#### THE PROBLEM:
In the data below, find the line with "A Nobel prize—rather" and the line with "Collections of terracotta pots - TSS project", then restate both and every line between them exactly, minus the pictures.
BEGIN RECORDS PROVIDED
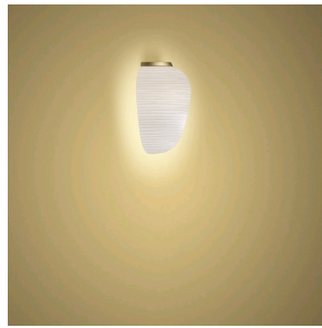
Rituals 3 Parete
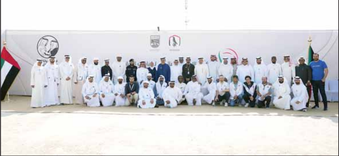
Participants pose for a group photo.
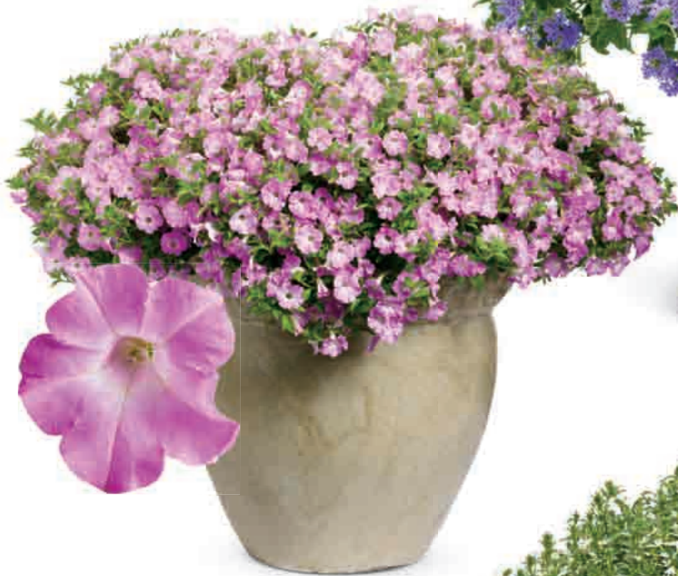
SUPERTUNIA® Pink Charm Petunia hybrid
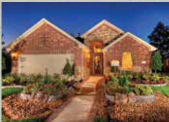
The Bellvue From the $300s 2,234 Sq. Ft.
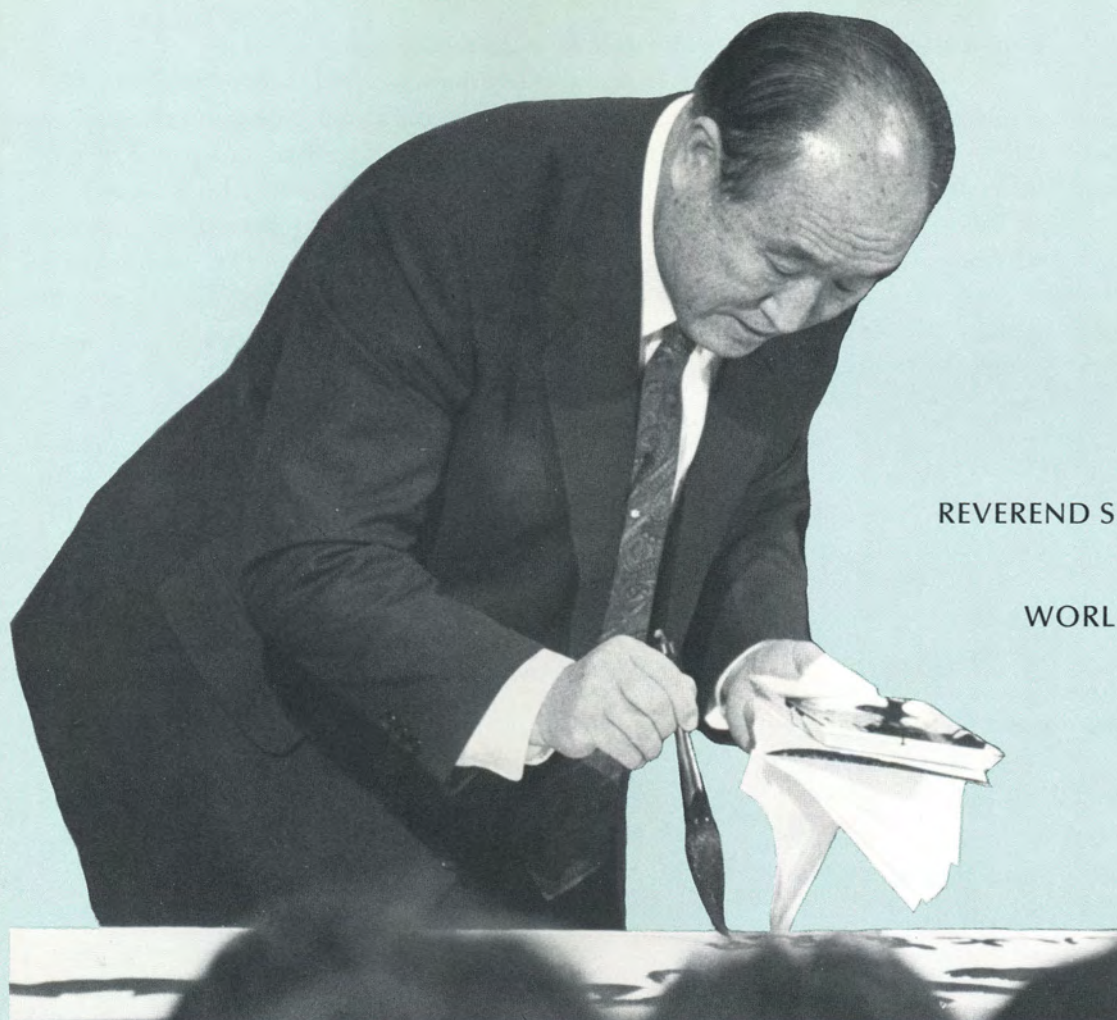
REVEREND SUN MYUNG MOON MIDNIGHT SPEECH JANUARY 1, 1987 WORLD MISSION CENTER
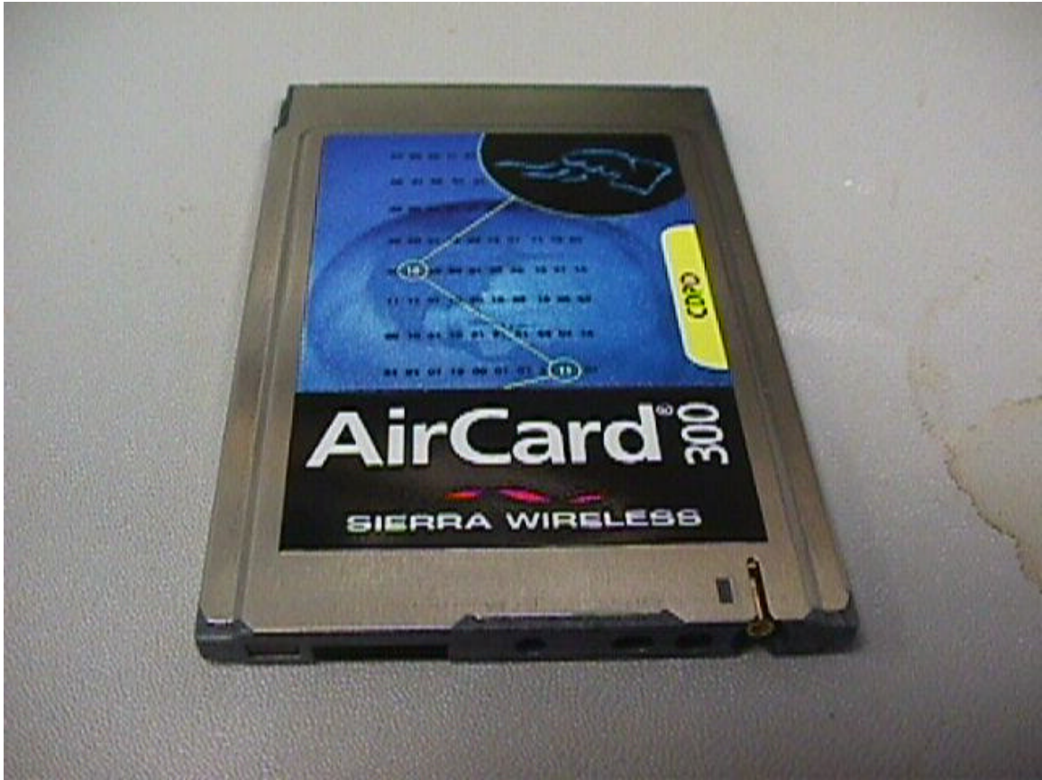
Figure 1: PCMCIA Card Edge – Outside edge showing antenna connector
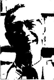
Dr. Robert M. Solow Institute Professor and Professor of Economics Massachusetts Institute of Technology Recipient of the 1987 Nobel Prize in Economics

A Nobel prize—rather like James Bond’s 007—appears to be a license to have an opinion about anything. But economics was founded by Adam Smith on the rock of the Division of Labor, and specialization is the name of the game. So I am going to specialize on the state of macroeconomics, mostly theoretical but with a few glances at applications. Distinguished and clever economists have been heard to remark knowingly that they understand microeconomics perfectly well and know what they think about this or that, but do not understand macroeconomics at all and find it a mystery. I have no patience with that ploy. Macroeconomics is what it is all about. If you do not understand the business cycle, unemployment, inflation, the real exchange rate, well, you do not understand economics at all. Microeconomics is easier, of course; it does not set itself such hard problems or aim at passing such hard tests.
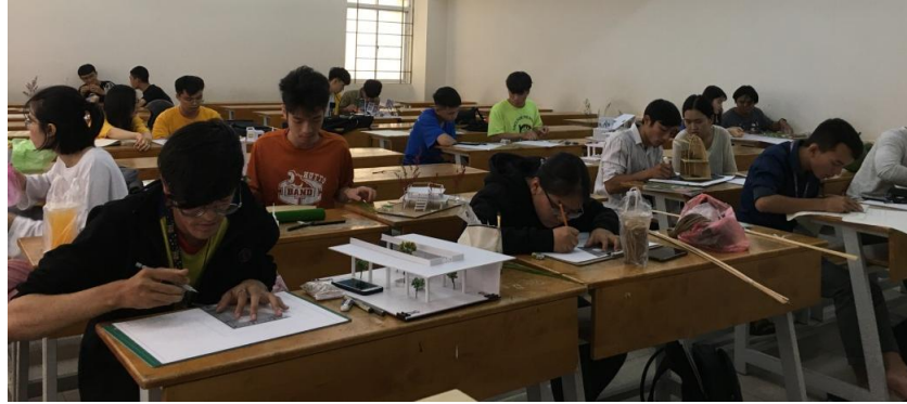
Figure 3: Students discuss, work in class.
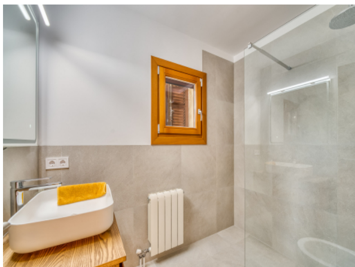
Bathroom with window and washbasin
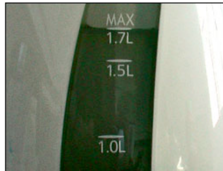
This scale is in litres .
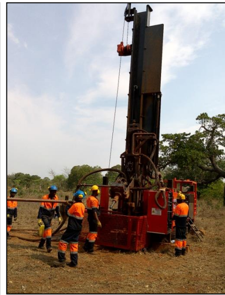
Figure 1: Field photos of the aircore drilling at Koko Massava hole location 19CCAC112 (left) and 19CCAC114 (right).
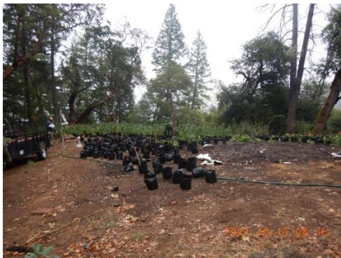
Figure 10. Cultivation at CA1 is on a ridgetop.
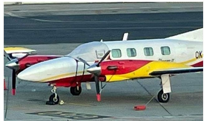
Piper PA-42 Cheyenne III Cockpit Cover
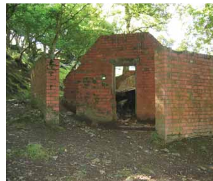
Remains of a WWII aeroplane decoy centre Olion canolfan denu awyrennau o'r Ail Ryfel Byd

5. Turn R on lane and continue ahead passing Alyn Kennels on R. Thro' KG behind kennels and follow path back into Loggerheads Country Park. Ignore footbridge on R and continue along path with river on R. Cross over stone bridge and walk back to Countryside Centre and car park.
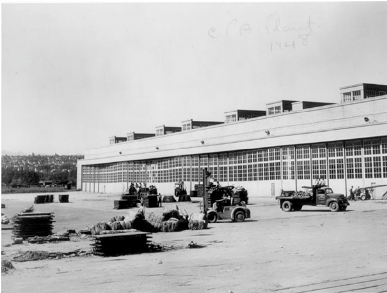
1948 (NWPL 3093)
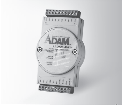
ADAM-4017+ FCC CE RoHS LISTED E190861 ETC.

8-ch Universal Analog Input Module with Modbus
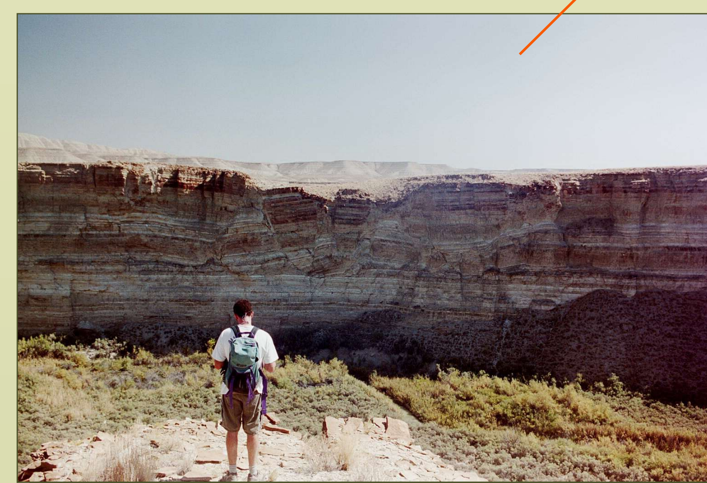
Figure 3. Looking southeast across Nine Mile Canyon.
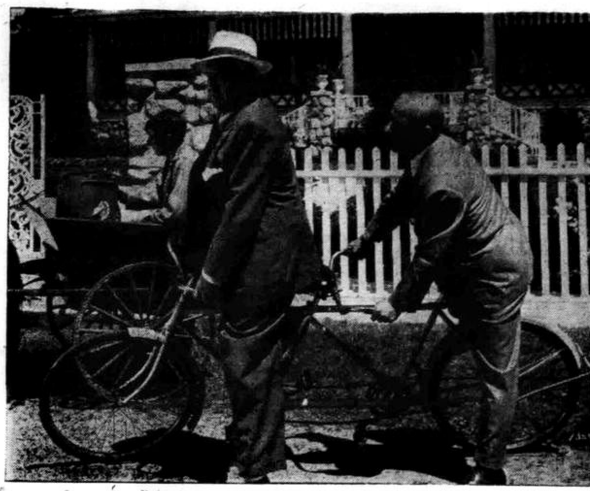
Latest picture of Lauritz Melchior and Jimmy Durante taken on the set of M.G.M.'s "This Time For Keeps."

Lauritz Melchior, the world's foremost tenor, and Jimmy "Schnozzola" Durante, he of the gravel voice and the most famous nose extant, are buddies in one of the most incongruous friendships in the history of the Hollywood film colony.
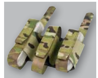
TRIPLE 40MM POUCH
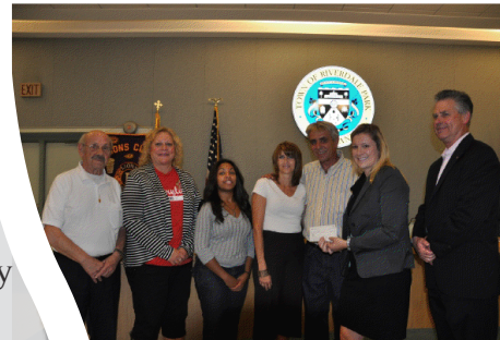
Sept. 26 Meeting
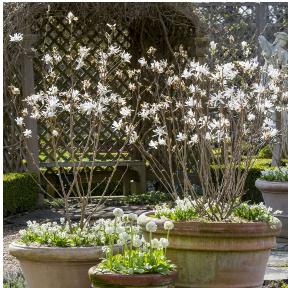
Collections of terracotta pots - TSS project
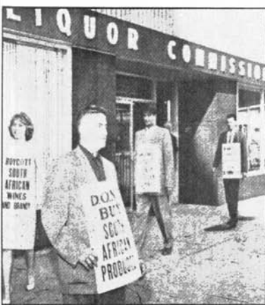
Canadian trade unionists have backed the call for an overseas boycott Calinatian Bride dimensions norte packate use car for an overseen survivor of South African goods, Here are some of them on the picket line outside a liquor store in Winnipeg. The Quebec Provincial Federation of Labour has sent a strong prodest to the Atforrey General calling for a ban on the import of South African wines and brandles by the Liquor Commission.

"The Government must be held solely responsible if the resentment and frustration of the people takes on more drastic forms of protest."
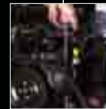
Easy Water Drain System
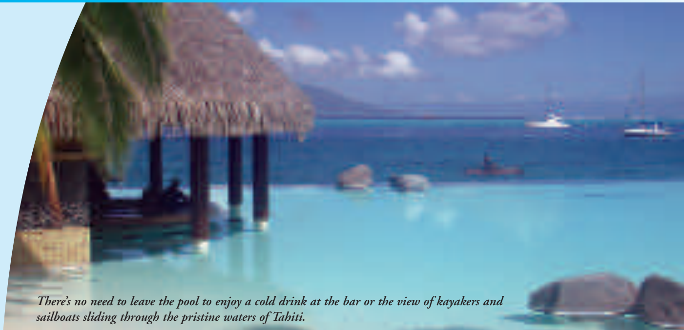
There's no need to leave the pool to enjoy a cold drink at the bar or the view of kayakers and sailboats sliding through the pristine waters of Tahiti.
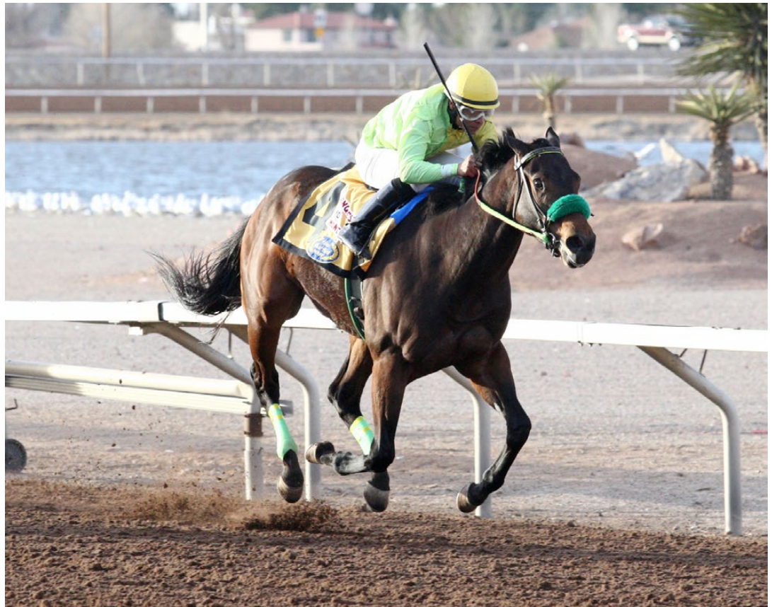
Undeclared Conquest Mo Money wins the Feb. 26 Mine That Bird at Sunland Park

According to BloodHorse data, prior to the dispersal 64 different Conquest starters had 81 wins
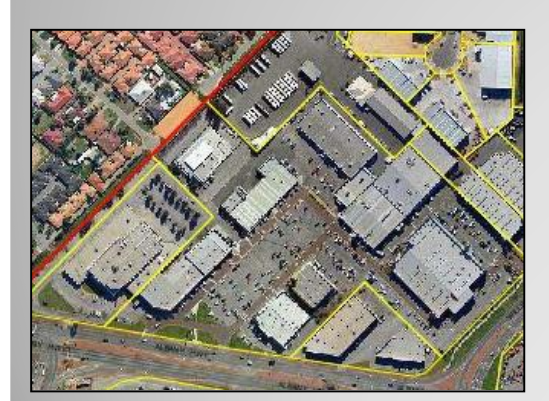
Hometown Cannington, WA
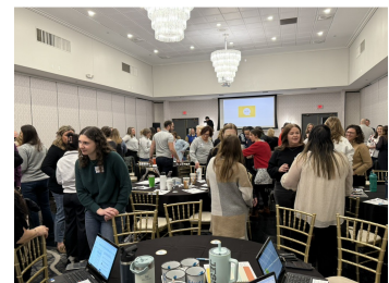
Ice Breaker activity to get to know others
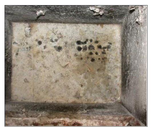
Visible mold growth in return plenum due to leaking humidifier

A leaking central humidifier can lead to mold growth within the return plenum.
END RECORDS PROVIDED
#### FINISHED EXERCISE:
A Nobel prize—rather like James Bond’s 007—appears to be a license to have an opinion about anything. But economics was founded by Adam Smith on the rock of the Division of Labor, and specialization is the name of the game. So I am going to specialize on the state of macroeconomics, mostly theoretical but with a few glances at applications. Distinguished and clever economists have been heard to remark knowingly that they understand microeconomics perfectly well and know what they think about this or that, but do not understand macroeconomics at all and find it a mystery. I have no patience with that ploy. Macroeconomics is what it is all about. If you do not understand the business cycle, unemployment, inflation, the real exchange rate, well, you do not understand economics at all. Microeconomics is easier, of course; it does not set itself such hard problems or aim at passing such hard tests.
Figure 3: Students discuss, work in class.
Bathroom with window and washbasin
This scale is in litres .
Figure 1: Field photos of the aircore drilling at Koko Massava hole location 19CCAC112 (left) and 19CCAC114 (right).
Figure 10. Cultivation at CA1 is on a ridgetop.
Piper PA-42 Cheyenne III Cockpit Cover
Remains of a WWII aeroplane decoy centre Olion canolfan denu awyrennau o'r Ail Ryfel Byd

5. Turn R on lane and continue ahead passing Alyn Kennels on R. Thro' KG behind kennels and follow path back into Loggerheads Country Park. Ignore footbridge on R and continue along path with river on R. Cross over stone bridge and walk back to Countryside Centre and car park.
1948 (NWPL 3093)
ADAM-4017+ FCC CE RoHS LISTED E190861 ETC.

8-ch Universal Analog Input Module with Modbus
Figure 3. Looking southeast across Nine Mile Canyon.
Latest picture of Lauritz Melchior and Jimmy Durante taken on the set of M.G.M.'s "This Time For Keeps."

Lauritz Melchior, the world's foremost tenor, and Jimmy "Schnozzola" Durante, he of the gravel voice and the most famous nose extant, are buddies in one of the most incongruous friendships in the history of the Hollywood film colony.
TRIPLE 40MM POUCH
Sept. 26 Meeting
Collections of terracotta pots - TSS project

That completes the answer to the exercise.